Group C: Combination of Compound A and ibrutinib Compound A is orally administered to subjects in Group C on an uninterrupted QD schedule. Compound A begins on Day 1 of Cycle 2 and continues until Day 1 of each cycle, followed by disease progression, unacceptable toxicity, or any other reason. Each dose was taken with about 8 ounces of water in the morning and the subject was fasted overnight (minimum 6 hours). On days without PK sampling, breakfast is delayed for at least 1 hour after administration. On the PK sampling date, breakfast is delayed until 3 hours after administration of Compound A. If administration is delayed by a single day, Compound A is taken with a maximum delay of 12 hours, otherwise administration of that day is omitted.

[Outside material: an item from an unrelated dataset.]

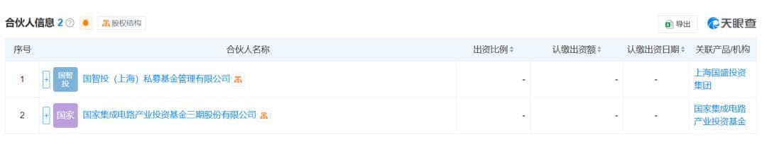 天眼查显示,该人工智能产业投资基金有着两位重磅出资方:国家集成电路产业投资基金三期股份有限公司(简称“国家大基金三期”),以及国智投(上海)私募基金管理有限公司(简称“国智投私募”)。

  Administration of ibrutinib is as described in the IMBRUVICA package insert or SmPC. Subjects take three 140 mg capsules of ibrutinib daily for a total daily dose of 420 mg. Ibrutinib is taken once a day at approximately the same time each day. These capsules are swallowed as is and subjects should not open, break or chew capsules. Ibrutinib is administered daily starting on Day 1 of Cycle 1 until discontinuation due to disease progression, unacceptable toxicity or for any other reason.

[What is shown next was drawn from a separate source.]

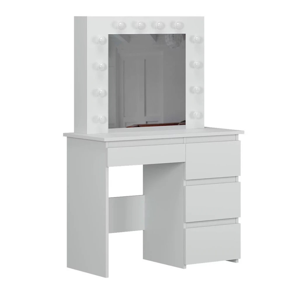 - Досконале освітлення: центральною частиною цього туалетного столика є дзеркало розміром 550×530 мм з 12 LED-лампочками, що забезпечують рівномірне освітлення. Це дозволяє створювати ідеальні умови для нанесення макіяжу чи догляду за обличчям. Лампочки нейтрального кольору, які входять до комплекту, можна легко замінити на теплі чи холодні за вашим бажанням.

  Group C1: Assessing increasing doses of Compound A and ibrutinib combination. The starting dose of Compound A is 0.25 mg QD or 0.5 mg QD, and dose escalation up to 2.5 mg QD is evaluated in the next cohort.

  Compound A and ibrutinib are administered until disease progression, unacceptable toxicity or discontinuation due to any other reason.

  Group C2: Evaluate intra-subject dose escalation of Compound A and ibrutinib combination. Starting doses of 0.5 mg QD and 1.0 mg QD of Compound A are evaluated with in-subject dose escalation up to a maximum dose of 2.5 mg QD.

  Compound A and ibrutinib are administered until disease progression, unacceptable toxicity or discontinuation due to any other reason.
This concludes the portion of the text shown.